We did not identify risk factors for poor sleep quality. Therefore, we cannot confirm the findings of Sutter et al.,11 who found a higher incidence of leaks in individuals with poor sleep. However, the studies enrolled different patient populations, and the threshold for evaluating leaks varied among ventilator models (between 2 and 10L/min in other studies). We used the cut off classically used to define leaks (24L/min),12 but which is higher with few patients concerned. This discrepancy highlights the need to define a relevant cut off for the definition of abnormal leakage. However, our results are in line with those of Georges et al.,7 who showed that the sleep quality of participants did not deteriorate despite inappropriate NIV treatment based on SomnoNIV guidelines.

More than half of the patients exhibited asynchronies, which is important compared to the literature,2 but it was a “self-declared” PVA detection whereas we used a medical detection strategy. There was no difference in terms of asynchrony detection between both groups, and no asynchrony was found associated with poor sleep quality. However, we report here only a summary analysis of PVA, in particular we have no polygraphy confirmation of the asynchronies reported.

We found that daytime PaCO2 was the only marker correlated with poor sleep quality, regardless of the underlying cause. The main goal of NIV is to control PaCO2 levels, and to reduce morbidity and mortality.13 Our results also emphasize that correction of hypoventilation improves sleep quality.

This work has several limitations. First of all, this is a single-centre study with a small sample and very heterogeneous population when it comes to the cause behind alveolar hypoventilation. Using the PSQI is a simple and easy to use questionnaire on a day-to-day routine for the analysis of sleep quality, recommended by French experts.14 But it lacks the information that could be gained from other questionnaires like the SRI. OSA could also interfere with the results, but because it was a small sample, we could not further analyze smaller groups of OSA patients with regards to the underlying cause for hypoventilation. No sleep difference was found according to the use of sedative treatments, despite the fact it can influence sleep quality by several means: respiratory depression, and increase of obstructive events. We did not record the presence of respiratory secretions in neuromuscular patients, which is known to worsen sleep quality,11 and can also influence the results. Finally, we have no assessment of sleep dynamics, in particular the impact of NIV initiation on sleep.

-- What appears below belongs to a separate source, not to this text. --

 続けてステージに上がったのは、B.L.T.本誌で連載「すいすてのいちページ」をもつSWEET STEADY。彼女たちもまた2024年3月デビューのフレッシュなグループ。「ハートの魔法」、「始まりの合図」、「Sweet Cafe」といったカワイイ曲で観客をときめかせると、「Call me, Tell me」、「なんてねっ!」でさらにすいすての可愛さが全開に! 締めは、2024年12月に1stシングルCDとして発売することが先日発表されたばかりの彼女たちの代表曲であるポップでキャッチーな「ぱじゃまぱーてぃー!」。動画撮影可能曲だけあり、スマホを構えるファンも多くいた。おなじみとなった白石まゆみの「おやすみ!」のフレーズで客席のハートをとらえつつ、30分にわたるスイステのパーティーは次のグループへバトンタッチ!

In conclusion, half of our patients who received long-term ventilation exhibited poor sleep quality. However, we did not identify any risk factors for poor sleep quality, despite comprehensive evaluation of NIV parameters. The PSQI score correlated with daytime PaCO2, highlighting the effects of PaCO2 levels on sleep quality regardless of the cause of hypoventilation.

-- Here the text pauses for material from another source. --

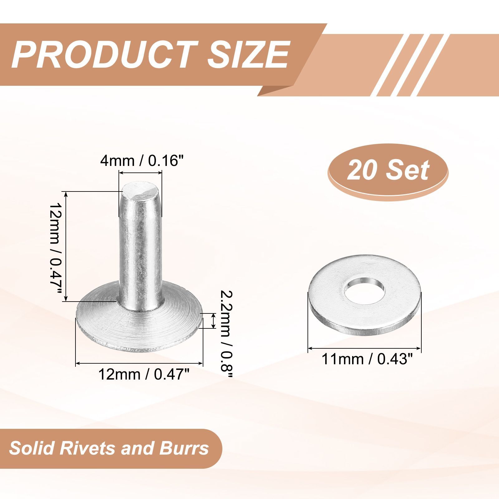 サイズ-アルミニウムリベットサイズ:12x4x12mm/0.47x0.16x0.47インチ(外径*直径*高さ);ヘッド厚さ:2.2mm/0.09インチ。材質:

Our results emphasize the need for a comprehensive, multidisciplinary approach to improve ventilation quality and reduce PaCO2 levels.

Conflicts of Interest

The authors have not declared a specific grant for this particular research from any funding agency in the public, commercial or not-for-profit sectors.

Pierre Schilfarth reports personal fees from SOS Oxygène, outside the submitted work.

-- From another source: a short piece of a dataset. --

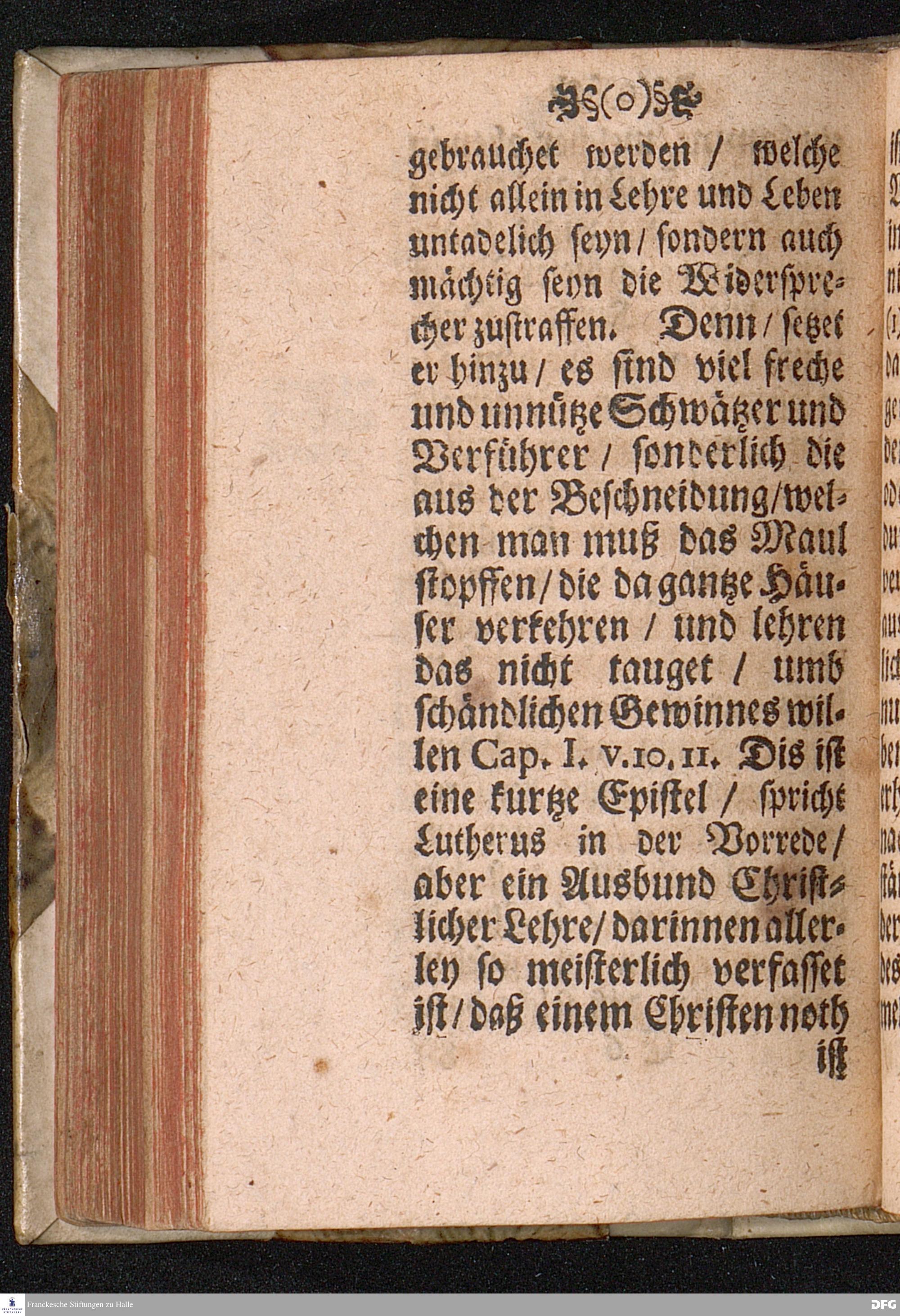 M. Aug. Hermann Franckens Gr.& Or.Lingg.P.P. & P.Glauch. Einleitung Zur Lesung Der H. Schrifft / Insonderheit Des Neuen Testaments. I. Für Ungelehrte u.Einfältige. II.Für Studiosos Theologiæ. III.Für Catechisirende. Darinnen Der Zweck und Inhalt der gantzen H.Schrifft / Fürnemlich aller und jeden Bücher Neues Testaments / und wie derselbe zur rechten Gründung in der Christlichen Lehre und Gottseligkeit anzuwenden sey / deutlich gezeiget wird. Halle / Gedruckt bey Christoph Salfelden. 1694.

Arnaud Maurac reports personal fees from Orkyn and personal fees from Asten, outside the submitted work.

Julie Macey reports personal fees from Isis medical, personal fees from GSK, personal fees from Chiesi, personal fees from Asten, and personal fees from SOS Oxygène, outside the submitted work.

Carole Decloedt reports personal fees from Resmed, outside the submitted work.

Maeva Zysman reports grants and personal fees from Astra Zeneca, grants and personal fees from Chiesi, grants from Avad, personal fees from GSK, personal fees from Sanofi, personal fees from CSL Behring, personal fees from Lilly, and personal fees from Menarini, outside the submitted work.

Leo Grassion reports grants and personal fees from AADAIRC, grants from FGLMR, personal fees from Vivisol, personal fees from ALMS, personal fees from Resmed, personal fees from ASV, personal fees from Asten, personal fees from SOS Oxygène, personal fees from Boerhinger Ingheleim, personal fees from Isis medical, and personal fees from Alizée santé, outside the submitted work.